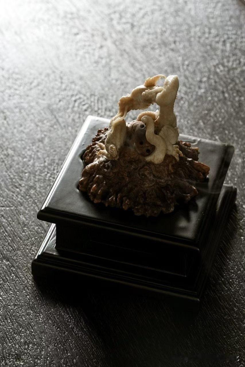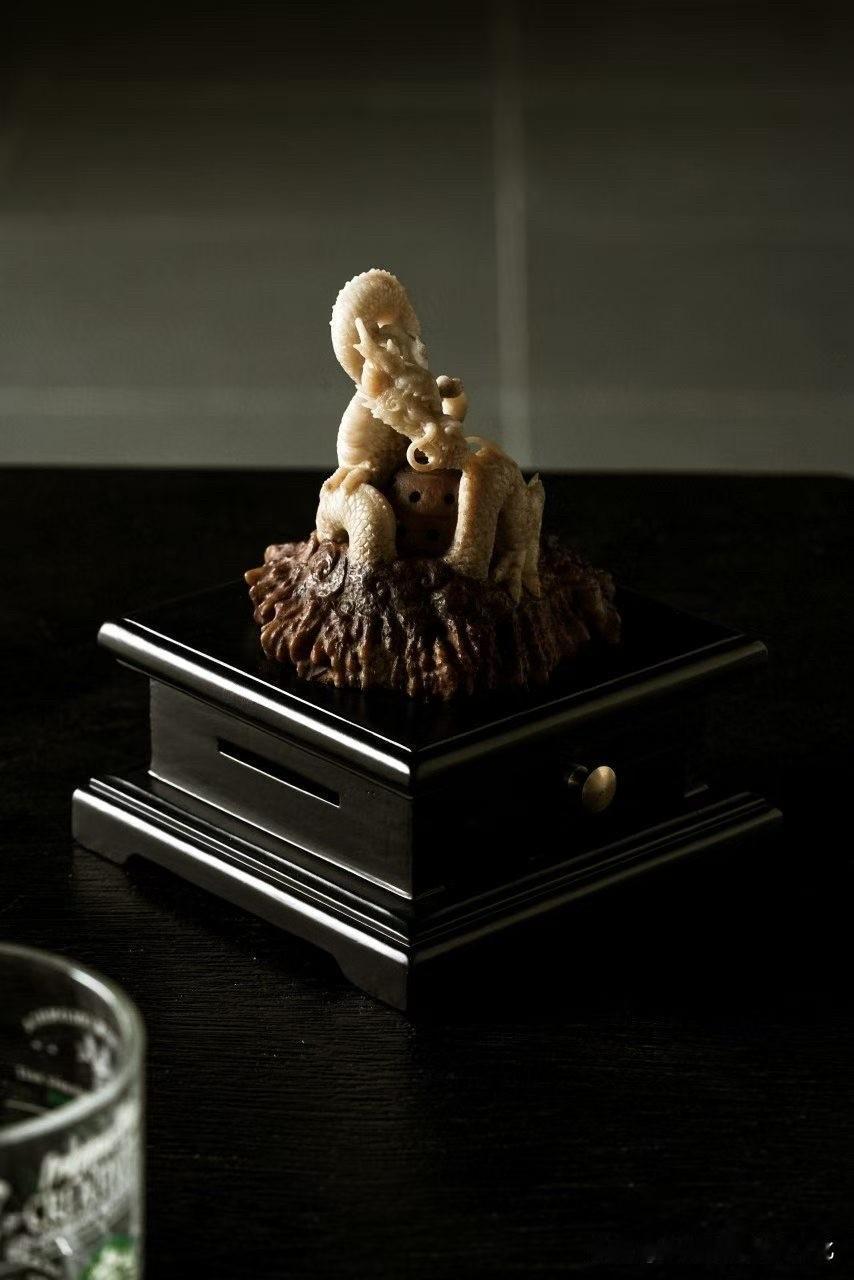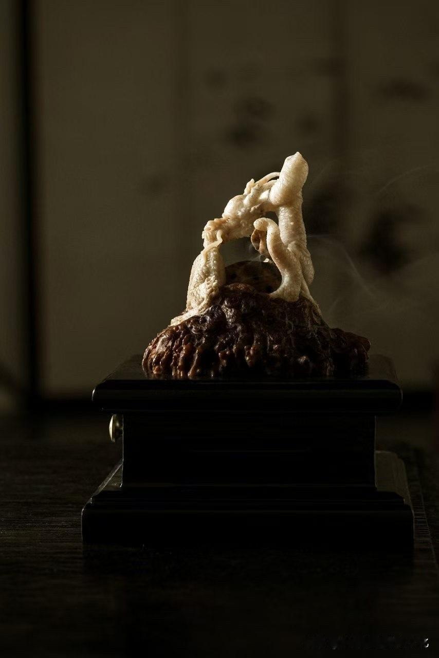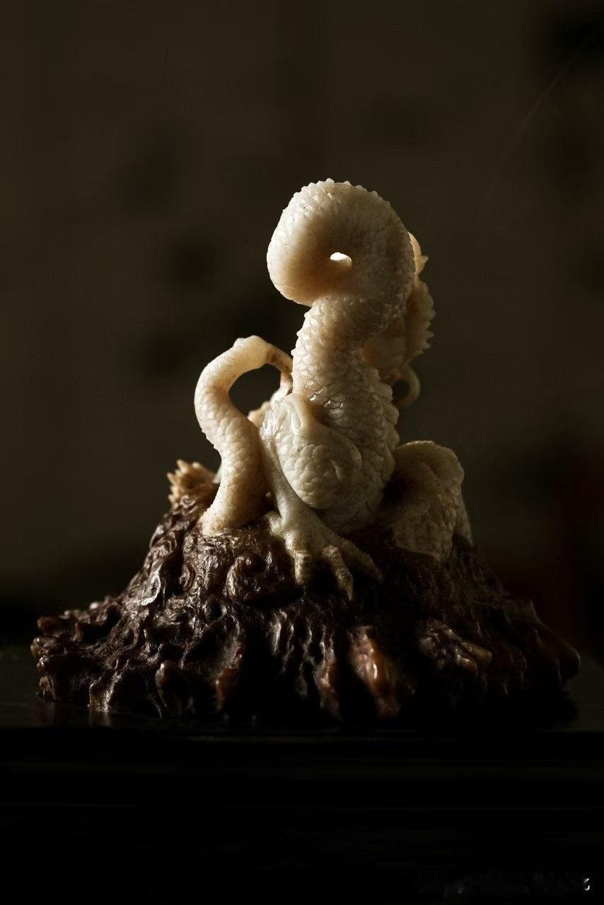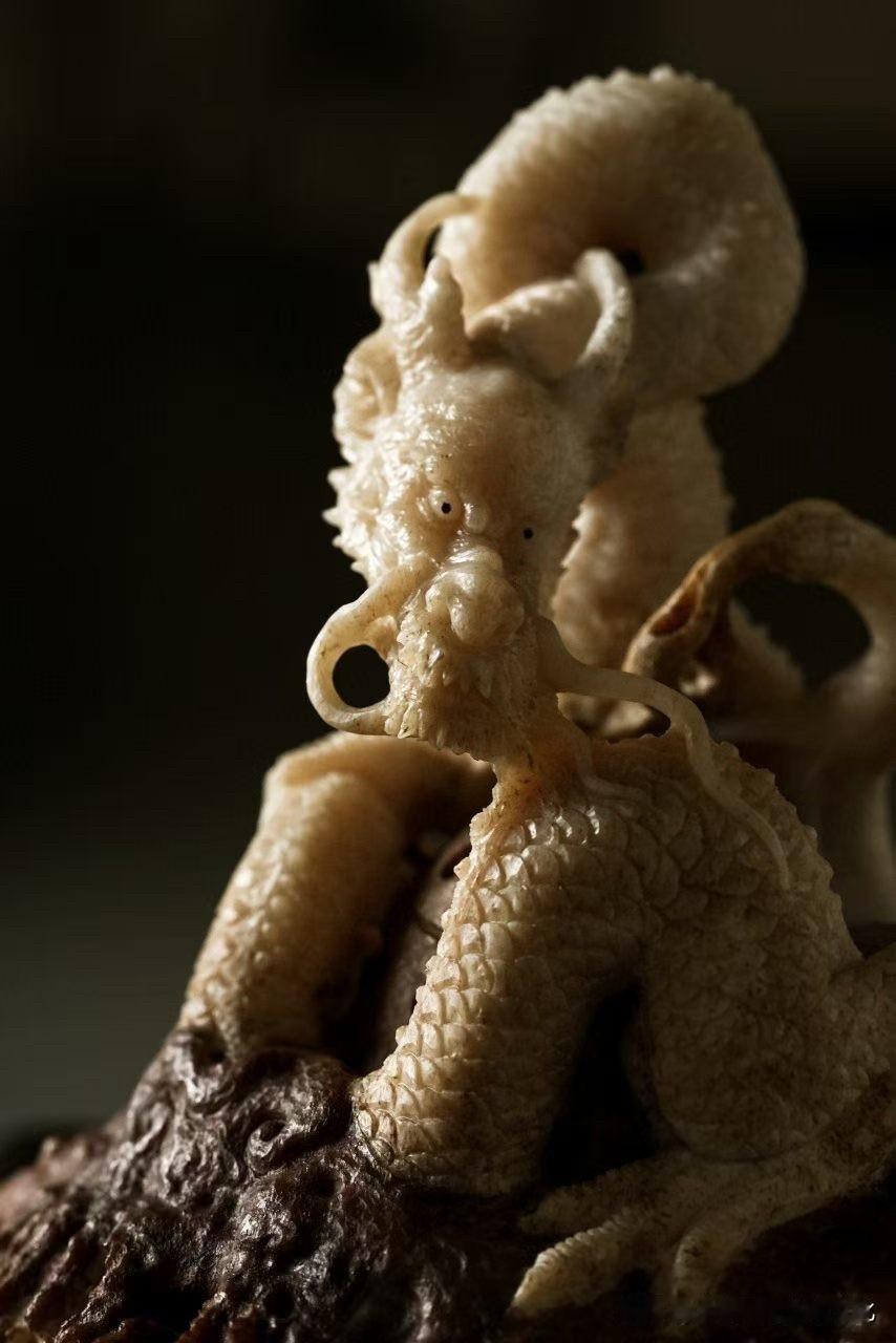 苍龙盘踞,似将出云入海。筋骨起伏有力,线条不求繁,却见劲道。鹿角的温润与骨感并存,让这份“动势”被收住,不躁不乱,只留一股内在的力量。
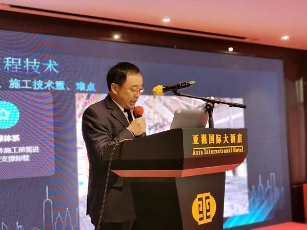 趙正興副總工程師做《亞洲國(guó)際大酒店超長(zhǎng)跨度宴會(huì)廳托梁拔柱工程設(shè)計(jì)與施工》的匯報(bào)
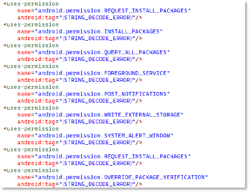 The manifest declares several high-risk Android permissions. Each one expands the malware’s ability to deploy and manage additional payloads:
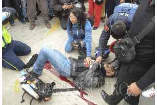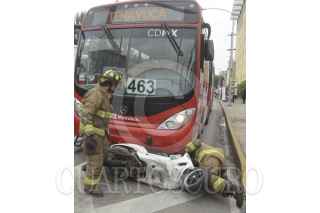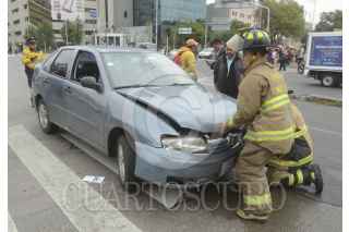 CIUDAD DE MÉXICO, 09NOVIEMBRE2016.- Un motociclista fue impactado por auto modelo Tsuru, que previamente había sido chocado por una unidad del Metrobus, en avenida Balderas y Chapultepec. La víctima sufrió un daño severo en uno de sus pies, paramédicos lo estabilizaron en el lugar. FOTO: ARMANDO MONROY /CUARTOSCURO.COM
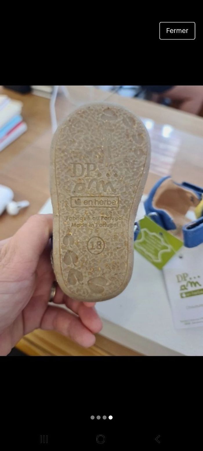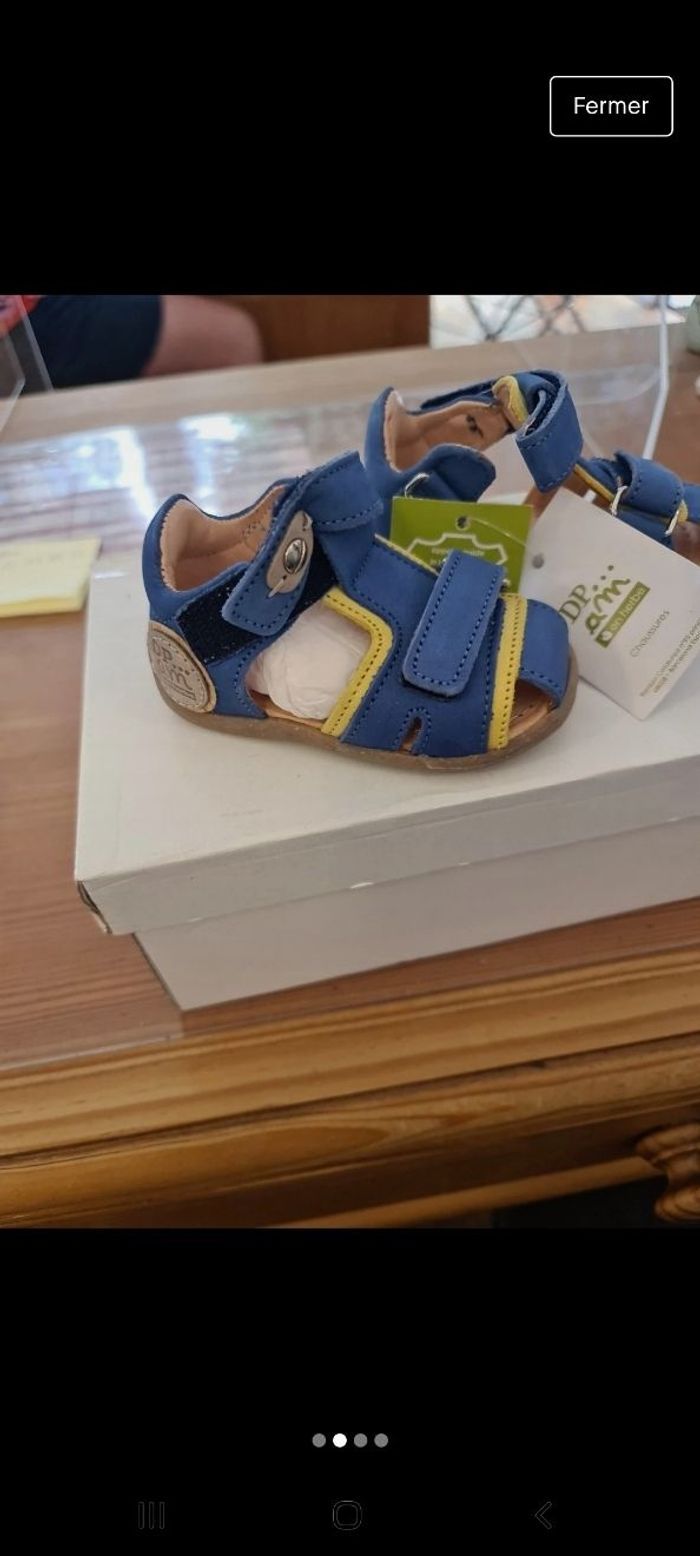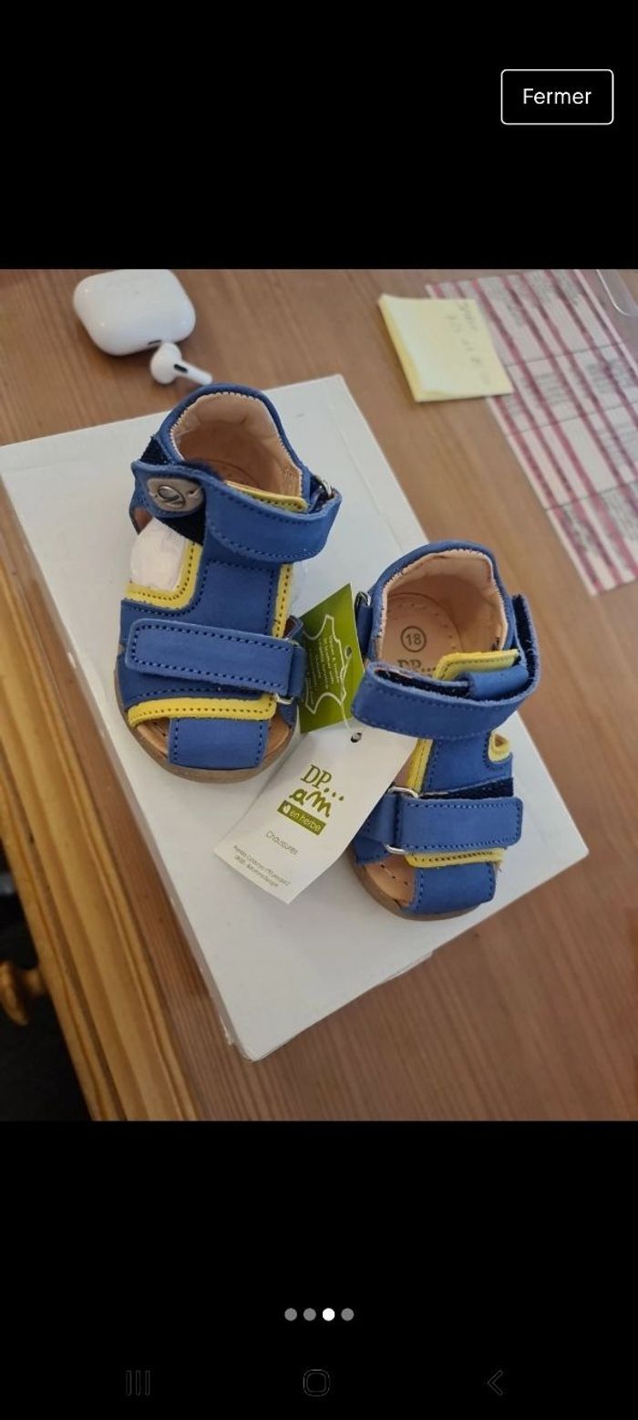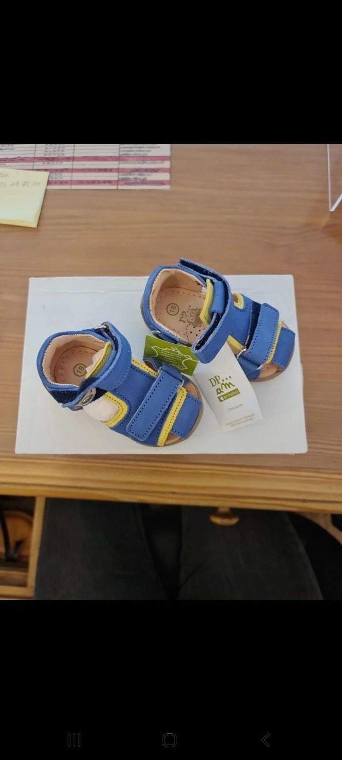 Chaussure ouverte bleue et jaune. Taille 18 Neuf

> **Task prompt**: Please retype the records above exactly, excluding every picture.

> **Result of this task**:
 苍龙盘踞,似将出云入海。筋骨起伏有力,线条不求繁,却见劲道。鹿角的温润与骨感并存,让这份“动势”被收住,不躁不乱,只留一股内在的力量。
 趙正興副總工程師做《亞洲國(guó)際大酒店超長(zhǎng)跨度宴會(huì)廳托梁拔柱工程設(shè)計(jì)與施工》的匯報(bào)
 The manifest declares several high-risk Android permissions. Each one expands the malware’s ability to deploy and manage additional payloads:
 CIUDAD DE MÉXICO, 09NOVIEMBRE2016.- Un motociclista fue impactado por auto modelo Tsuru, que previamente había sido chocado por una unidad del Metrobus, en avenida Balderas y Chapultepec. La víctima sufrió un daño severo en uno de sus pies, paramédicos lo estabilizaron en el lugar. FOTO: ARMANDO MONROY /CUARTOSCURO.COM
 Chaussure ouverte bleue et jaune. Taille 18 Neuf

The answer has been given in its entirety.